IMA accepts technically sound and scientifically rigorous research in the interdisciplinary field of imaging, including relevant algorithmic research and hardware and software development, and their applications relevant to medical research. The journal provides a platform to publish original research in structural and functional imaging.
The journal is also open to imaging studies of the human body and on animals that describe novel diagnostic imaging and analyses methods. Technical, theoretical, and clinical research in both normal and clinical populations is encouraged. Submissions describing methods, software, databases, replication studies as well as negative results are also considered.

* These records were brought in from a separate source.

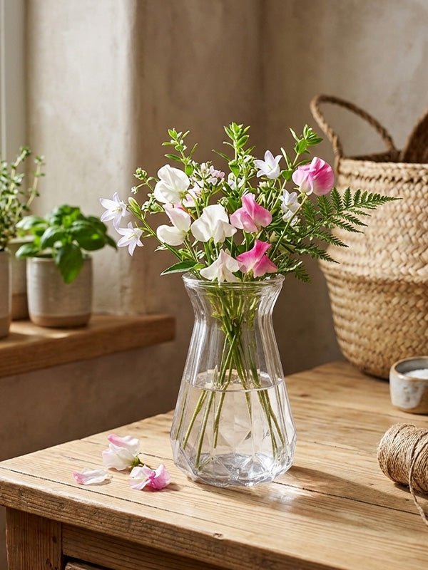 The Noor Glass Vase features a faceted, decorative silhouette designed to elevate floral arrangements with added texture and visual interest.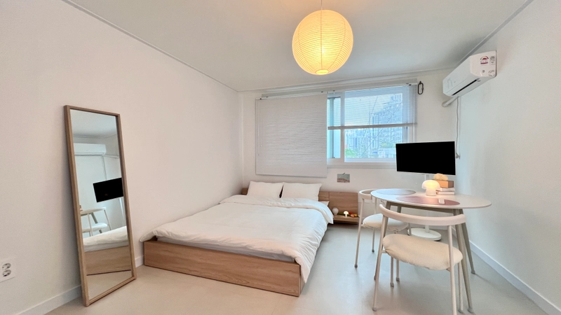 - 최근 리모델링한 첫 입주 방입니다 - 깨끗한 화이트&우드 톤의 편안하고 모던하게 스타일링한 인테리어 - 새 가구와 침구 및 최신 디자인 키친 & 화장실 인테리어를 갖춘 풀옵션 방 - 새 샤시로 소음 차단뿐 아니라 정면 막힘 없는 뷰로 답답하지 않는 깨끗한 하늘 뷰로 석양때 예쁨 - 새 가전 LG드럼세탁기 및 건조기, 삼성 비스포크 냉장고, 스마트TV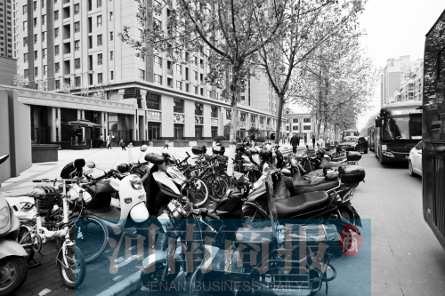 家住鄭州經(jīng)三路與廣電南路交叉口附近嘉辰麗景苑小區(qū)的李先生一直把電動車停放在小區(qū)大門外的人行道上。原因是小區(qū)非機動車停放點兒沒建好。而停放點建成后,物業(yè)要收費。李先生等業(yè)主因此事與物業(yè)產生了分歧。
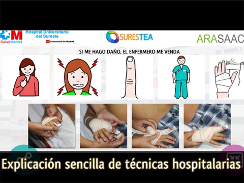 Proyecto de adaptación visual del Hospital Universitario del Sureste, para mejorar la comunicación de los profesionales sanitarios con niños con Trastornos del Espectro Autista, mediante láminas de pictogramas diseñadas por la asociación SURESTEA, con los pictogramas de ARASAAC, para explicar sencillamente las técnicas hospitalarias a las que se van a enfrentar los pacientes pediátricos con esos transtornos.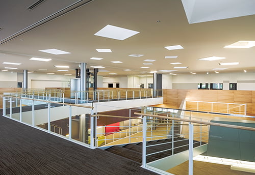 Intellectual exchange is reflected in the workplace, with all areas of the center utilizing an open-desk, open-lab system. We hope freely choosing worksites and sharing workplaces will lead to interaction among various people and improve individual creativity.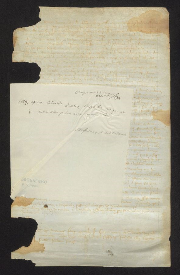 Non sono stati eseguiti interventi di restauro Presenza di lacune sul margine sinistro da roditore che coinvolgono lo specchio di scrittura e presenza di gore imbrunite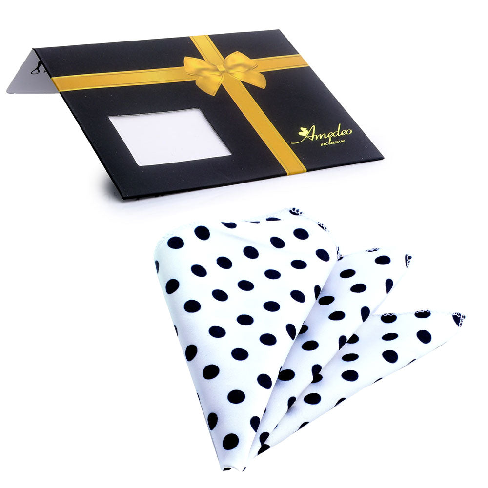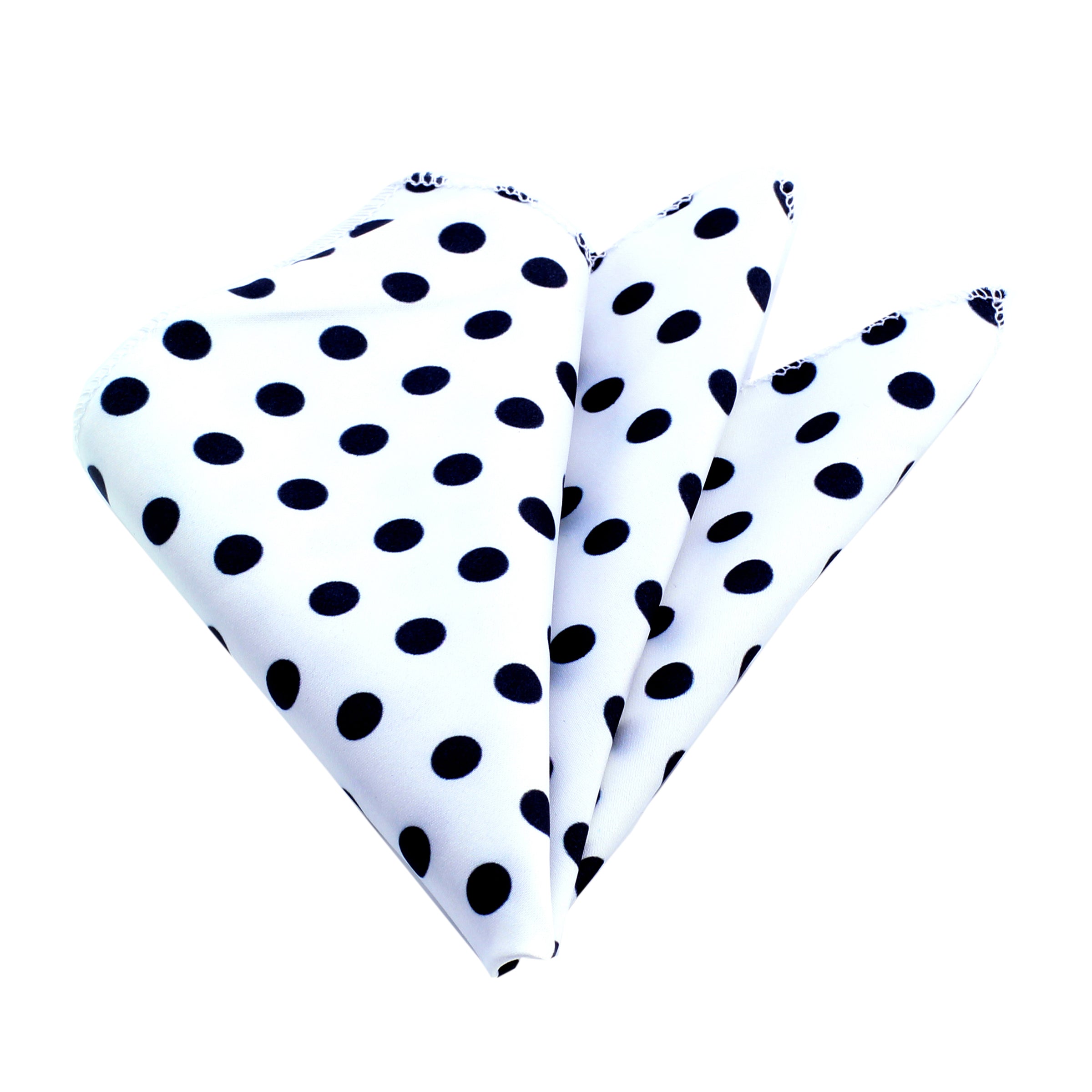 Men’s White With Big Black Dots Pocket Square Hanky Handkerchief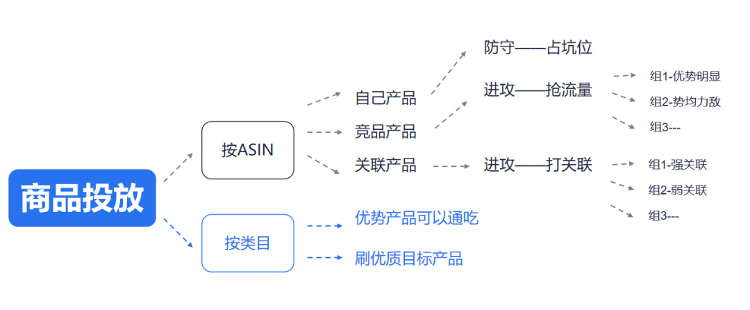 按照ASIN的类型又可以细分为自身产品、竞品产品和关联产品三类打法。
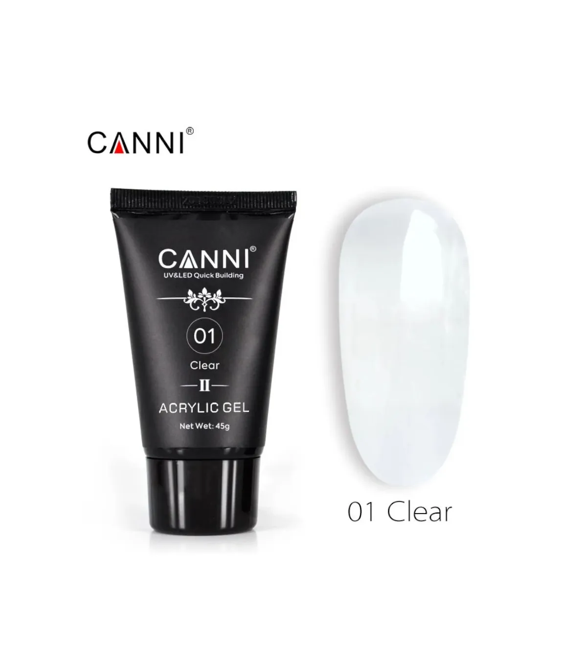 El Acrylic Gel 45gr CANNI color Clear 01, es más ligero que los acrílicos y los geles de construcción tradicionales aporta más resistencia, más flexibilidad ofreciendo una gran durabilidad.

The scope of the journal includes, but is not limited to, the following in the context of biomedical research:
Imaging and neuro-imaging modalities: structural MRI, functional MRI, PET, SPECT, CT, ultrasound, EEG, MEG, NIRS etc.;
Neuromodulation and brain stimulation techniques such as TMS and tDCS;
Software and hardware for imaging, especially related to human and animal health;
Image segmentation in normal and clinical populations;
Pattern analysis and classification using machine learning techniques;
Computational modeling and analysis;
Brain connectivity and connectomics;
Systems-level characterization of brain function;
Neural networks and neurorobotics;
Computer vision, based on human/animal physiology;
Brain-computer interface (BCI) technology;
Big data, databasing and data mining.